Prompt | For the records below, copy exactly the span that begins at the line containing "Κολιέ από ατσάλινη" and stops after the line containing "Edytor tapety: Żaglowiec, Słońce, Fala", minus any pictures.
Provided records: Begin
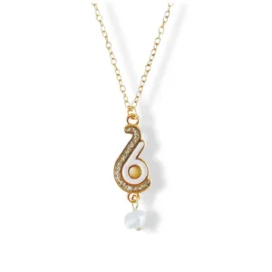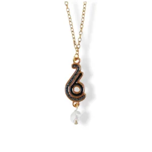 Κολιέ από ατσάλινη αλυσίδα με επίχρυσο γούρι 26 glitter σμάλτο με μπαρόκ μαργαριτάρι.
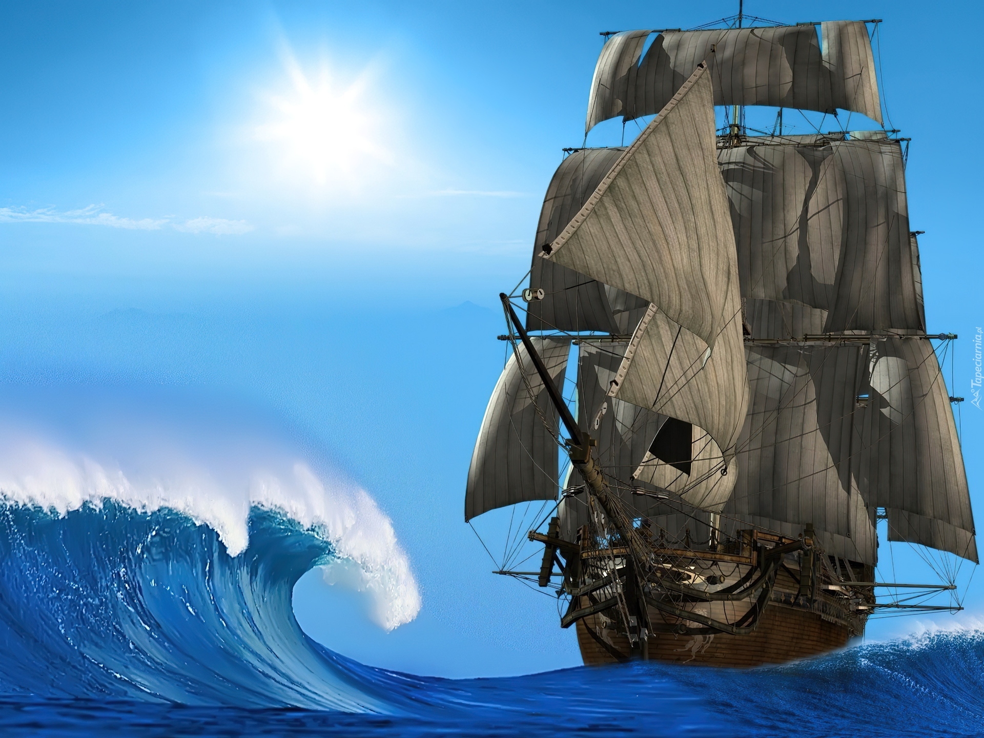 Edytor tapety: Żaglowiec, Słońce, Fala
Provided records: End
Provided records: Begin
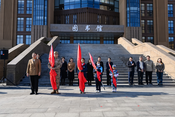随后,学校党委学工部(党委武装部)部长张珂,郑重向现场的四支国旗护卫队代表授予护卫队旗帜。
Provided records: End
Completed exercise |
 Κολιέ από ατσάλινη αλυσίδα με επίχρυσο γούρι 26 glitter σμάλτο με μπαρόκ μαργαριτάρι.
 Edytor tapety: Żaglowiec, Słońce, Fala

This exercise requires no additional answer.